Canaan profits soar in 2022 despite China's crackdown on crypto as well as the effects of the pandemic

By Shashank Bhardwaj


Image: Shutterstock

China has been pushing down on crypto this year, but Chinese miner manufacturer Canaan is facing no problems and continues to grow. According to their announcement, they have experienced a 117 percent increase in gross profit from the same period of 2021. Their Q2 profits amounted to 930 million renminbi (RMB), or approximately $139 million. The organisation’s Q2 net income was 608 million RMB, (or $91 million), a marked 149 percent jump from 425 million RMB in the same period last year.

Despite the impressive numbers, the CEO Nangeng Zhang said that the second quarter of 2022 has been a difficult period due to the tumbling crypto prices and the overall negative sentiments in the market. Amongst these struggles, he also noted, “The COVID-19 containment lockdown in key cities in China also brought severe disruptions to our daily operations and demand for our AI chips.”

The company is, however, showing no signs of slowing down and reportedly working on expanding their global presence, starting with establishing international headquarters in Singapore. They are also working towards scaling their mining business to generate more BTC with a better power supply. 

In June, it was reported that Canaan holds 346.84 BTC, worth around $8.1 million. Zhang remarked, “We are fully aware of the downward pressure from the Bitcoin price since the last fourth quarter and expect it to bring prolonged headwinds to our performance in the coming quarters. Nevertheless, we believe in the unique value of Bitcoin and its long-term prospects.”

The Chief Financial Officer, James Jin Cheng, also seems to be on the same page that Canaan is bound to run into difficulties with the overall state of the market as well as the uncertainties brought on by the pandemic and the geopolitical environment. He says, “As the Bitcoin price further decreased in the second quarter, we responsively lowered our product price for spot sales to shoulder the pressure with our clients. [...] We expect the gross margin to decrease dramatically in the second half of this year.”
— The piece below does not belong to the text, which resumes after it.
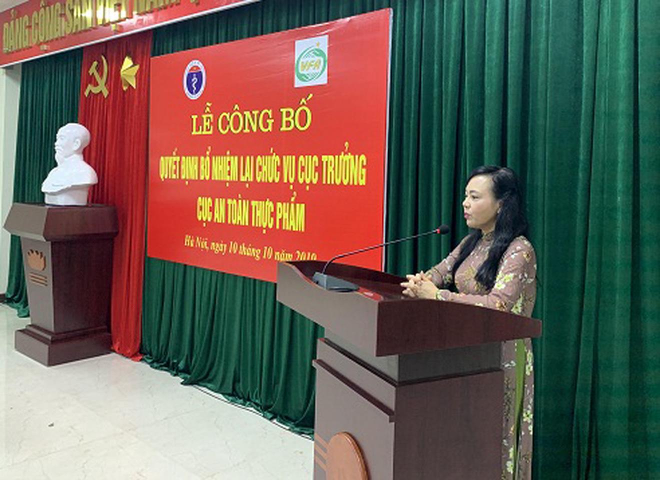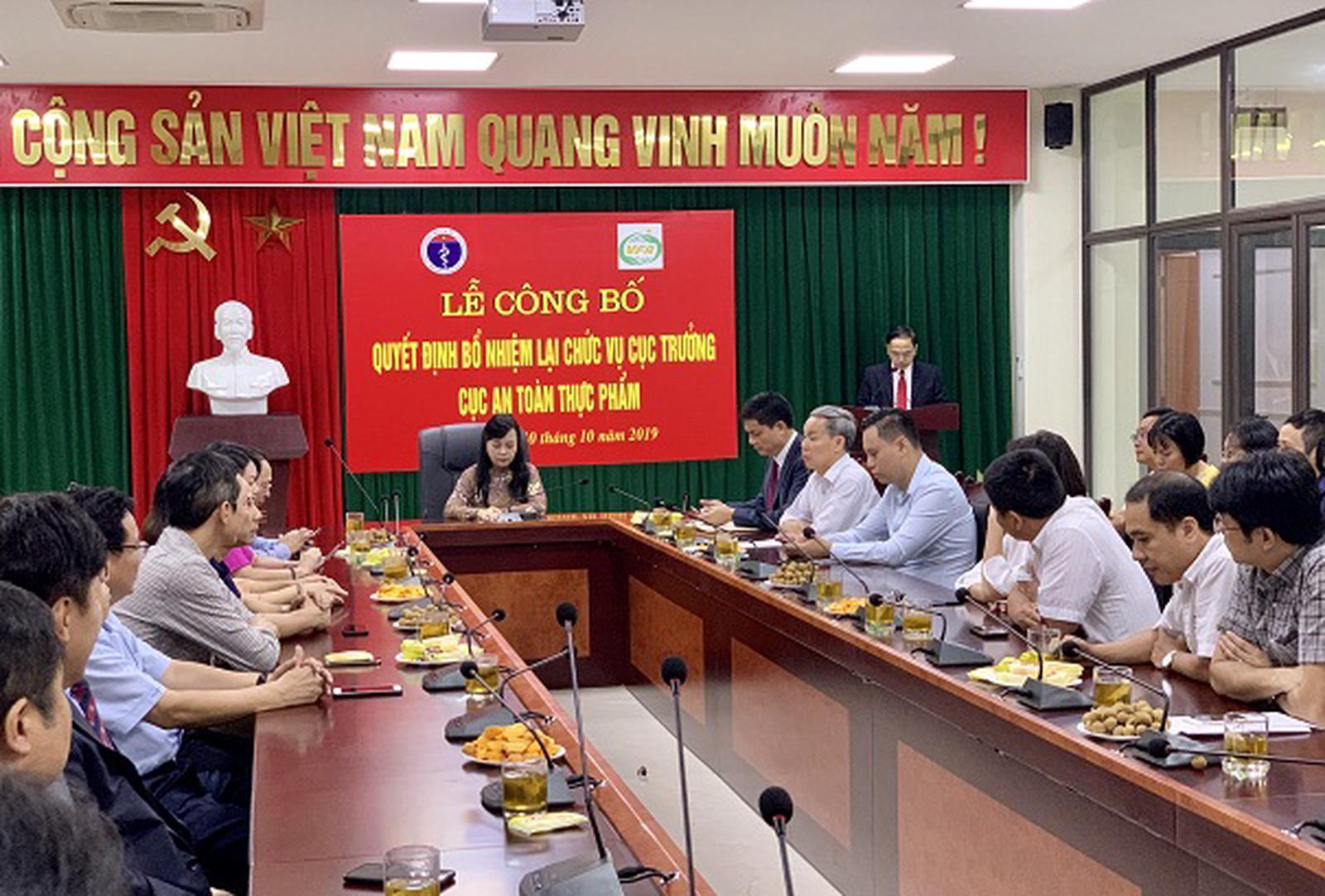 Phát biểu chỉ đạo tại lễ công bố quyết định bổ nhiệm lại chức vụ Cục trưởng Cục ATTP, PGS.TS Nguyễn Thị Kim Tiến đánh giá cao những thành tích đã đạt được của PGS.TS Nguyễn Thanh Phong trong nhiệm kỳ 5 năm vừa qua (2015- 2019).
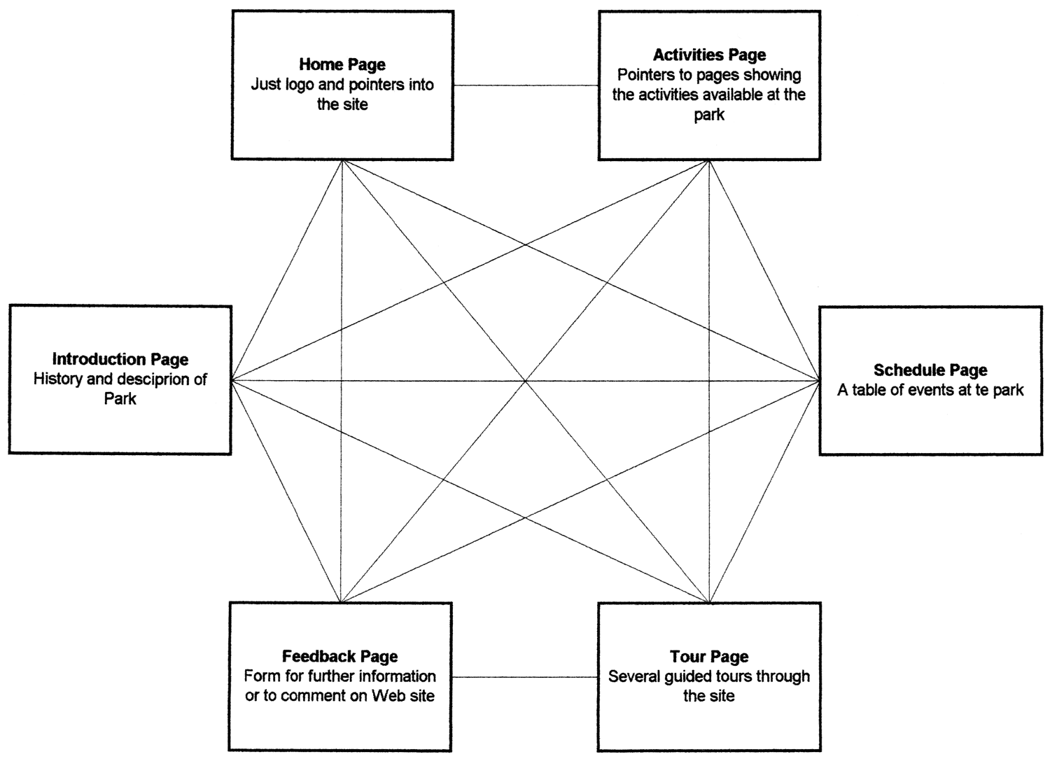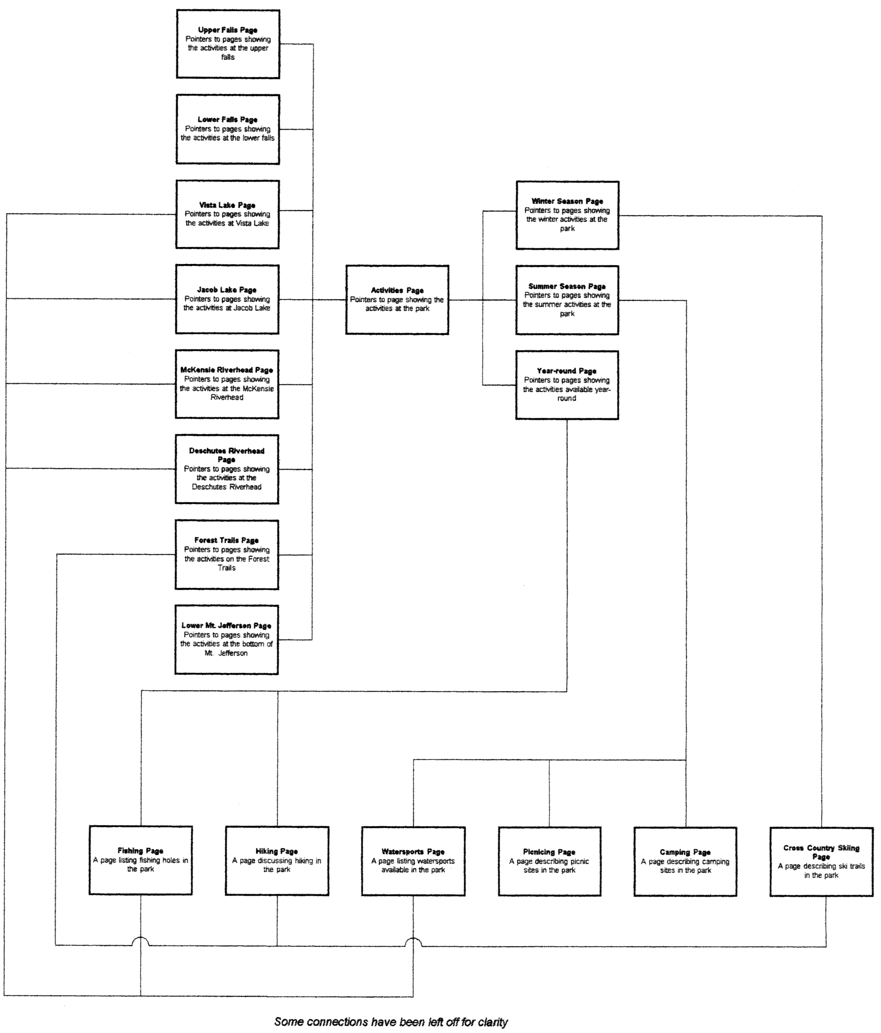 The first task is to create a flow chart for each section to lay out the basic structure of the site. These charts show only the individual pages or subgroup of pages, not the intuitive links users will expect when the pages are distributed on-line. Figure 31.1 shows how the main sections of the site interact, figure 31.2 shows the seasonal schedules and fees section, figure 31.3 shows the index of activities, and figure 31.4 shows the scenic tour.

People are calling it the ‘crypto winter’ and the Chinese investors and companies would face the brunt of this since China’s blanket ban on crypto operations in September 2021 complicates things even further. Although this “great Chinese crypto ban” has forced many companies out of business or fleeing to set bases in other countries, China still stands as the second-largest Bitcoin mining country in January 2022. China hosts 21 percent of the global Bitcoin hash rate, only overtaken by the United States which produces 38 percent.